The tussle between Parliament and the Presidency appears entrenched, and both sides look determined in the pursuit of their competing objective. While it is a struggle for Parliament to play its oversight role and reassert its independence, the Presidency fights to maintain the “strangulating grip” the executive gained over the legislature in previous years.
Despite the colossal powers granted to the executive, the framers of the Constitution did not envision a feeble legislative chamber in Ghana. They appreciated the imperative of an enhanced Parliament in building and nurturing a virile democracy envisaged for the Country hence Article 93 of the 1992 Constitution.
Subject to the provision of this Constitution, the legislative power of Ghana shall be vested in Parliament and shall be exercised in accordance with this Constitution.
Article 93(2)
Nonetheless, the overbearing powers of the President emanated from the difficulty of whisking then-military leader Jerry Rawlings out of office without derailing Ghana’s transition to a stable democracy and Constitutional rule.
Presidency and Legislature
The New Patriotic Party’s boycott of the maiden legislative election of the Fourth Republic handed the Provisional National Defence Council’s (PNDC) electoral progeny, the National Democratic Congress (NDC) absolute control of Parliament.
This placed Parliament under a leader whose training and inclination were somewhat anti-democratic, and a bad start for legislative independence. The inability of Parliament to intervene and address President Rawlings and his Vice Kow Arkaah’s dispute showed how Parliament was emasculated from its inception.

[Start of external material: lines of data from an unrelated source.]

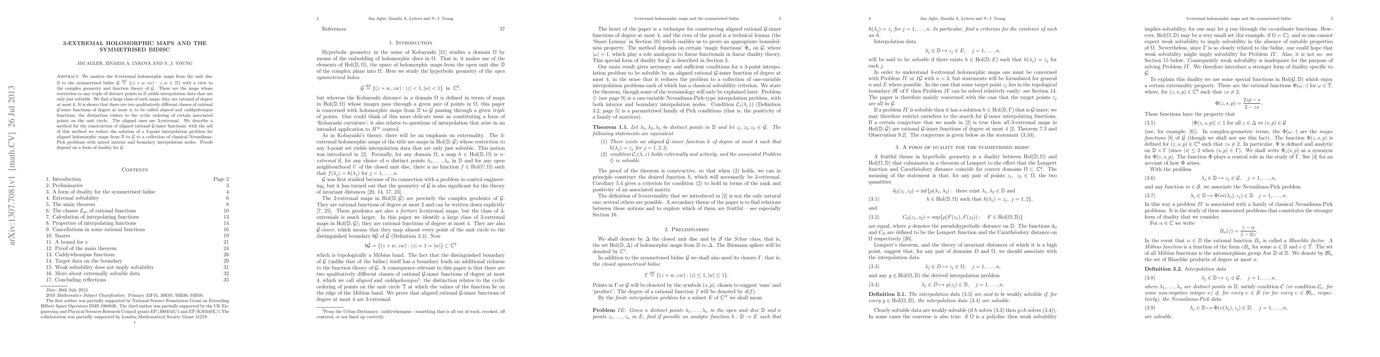 We analyse the 3-extremal holomorphic maps from the unit disc $\mathbb{D}$ to the symmetrised bidisc $ \mathcal{G}$, defined to be the set $ \{(z+w,zw): z,w\in\mathbb{D}\}$, with a view to the complex geometry and function theory of $\mathcal{G}$. These are the maps whose restriction to any triple of distinct points in $\mathbb{D}$ yields interpolation data that are only just solvable. We find a large class of such maps; they are rational of degree at most 4. It is shown that there are two qualitatively different classes of rational $\mathcal{G}$-inner functions of degree at most 4, to be called {\em aligned} and {\em caddywhompus} functions; the distinction relates to the cyclic ordering of certain associated points on the unit circle. The aligned ones are 3-extremal. We describe a method for the construction of aligned rational $\mathcal{G}$-inner functions; with the aid of this method we reduce the solution of a 3-point interpolation problem for aligned holomorphic maps from $\mathbb{D}$ to $\mathcal{G}$ to a collection of classical Nevanlinna-Pick problems with mixed interior and boundary interpolation nodes. Proofs depend on a form of duality for $\mathcal{G}$.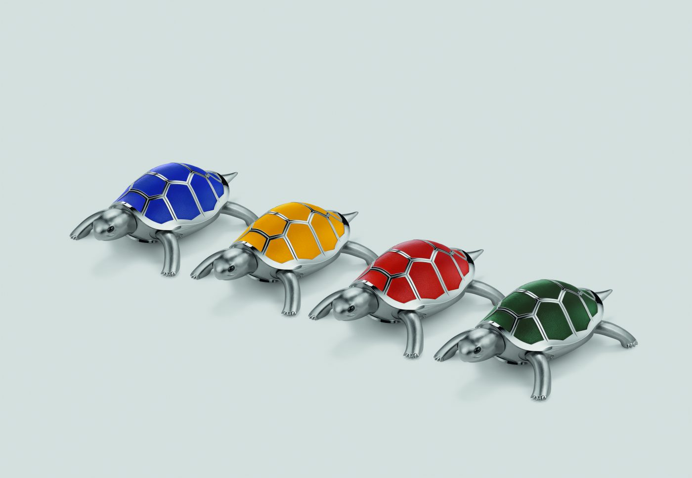 Когда появилась идея сделать автоматон-черепаху с певчей птицей на спине, выбор партнера для реализации этого проекта был очевиден: компания Reuge, принимавшая участие в создании «Музыкальных машин» MB&F, имеет большой опыт в производстве не только музыкальных шкатулок, но и механических птиц. В свою очередь Reuge обратилась к специалисту по автоматонам Николя Курту с просьбой разработать механизм, максимально точно воспроизводящий движения черепахи.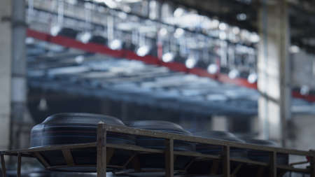 Tyre blanks conveyor line moving product working in robotic plant automatically. Automation technology work at modern industrial automotive factory production cycle. Automobile equipment concept
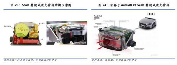 轉(zhuǎn)鏡激光雷達(dá)最早應(yīng)用于車規(guī)級(jí)產(chǎn)品,目前是最主流的半固態(tài)方案。轉(zhuǎn)鏡方案固定了收發(fā)模組,用360°高速旋轉(zhuǎn)的多面棱形反射鏡來(lái)反射光束,完成激光雷達(dá)視野范圍內(nèi)全視場(chǎng)角掃描。轉(zhuǎn)鏡的優(yōu)點(diǎn)在于棱鏡、電機(jī)和發(fā)射器有更好的耐熱性和耐用性,因此更容易過(guò)車規(guī),當(dāng)前Valeo的運(yùn)用轉(zhuǎn)鏡方案的Scala1已經(jīng)通過(guò)車規(guī)認(rèn)證。轉(zhuǎn)鏡被視為機(jī)械式向純固態(tài)進(jìn)軍的必經(jīng)之路,是短期上車主流,且未來(lái)很長(zhǎng)一段時(shí)間半固態(tài)和純固態(tài)都將并行。

Until 1997, Ghana’s Parliament had no shade of opposition in it and the essence of Parliamentary oversight and checks and balances was missing in its preceeding years. This conspicuous absence of opposition resulted in the existence of a nimble legislature contrary to the wishes of the framers of Ghana’s Constitution.
Reforms and Reneges
When the New Patriotic Party entered office in 2001, it had lofty wishes and ambitious plans. In a stringent and steady approach, the party removed what it considered obstacles to Ghana’s democratic values and the country’s founding ideal of freedom and justice as captured on Ghana’s Coat of Arms.
Of all the expunged encumbrance, the repeal of the Criminal Libel Law was the most significant. That law restrained media freedom thus enabling the government to act arbitrarily.
In hindsight, isn’t it confounding that the NPP administration did not curtail or touch a fraction of the President’s powers, at least if not the entirety of it? As a second guess, perhaps the delicacy of power.
However, in 2010, then President Atta Mills initiated efforts to reform the Constitution many have come to refer to as “ Rawlings’ Constitution”. With a huge cost and over 50,000 submissions, that is the closest that Ghana has come to reforming its governing document.
The House of Cards
The 2020 Parliamentary elections produced a hung Parliament. Moreover, for the first in the Fourth Republic, the opposition NDC snatched the Speakership of the House from the Governing NPP. It has been a bumpy road thus far.
Are we at the crescendo of the foul cries and insinuations? Time will tell, but things seem very murky at the moment.
Furthermore, despite President Nana Addo’s administration demonstrating both the wit and “ruthlessness” of Machiavelli, under his watch, Ghana has witnessed Parliament at every opportune moment rising to the occasion to reassert its envisioned independence which is also the actual expectation of the average Ghanaian.
The passage of the E-levy saw both strident arguments and fierce resistance. At a point members from the government’s rank threatened to side with the opposition’s motion on the issue.
Alas, the government had its way but the passage of the anti- LGBTQ+ bill has offered Parliament another shot at reclaiming its seceded grounds from overbearing executives. Will this be the final brawl that “liberates” Parliament, or it would end in the anals of a pyrrhic victory of sorts for the legislative Chamber?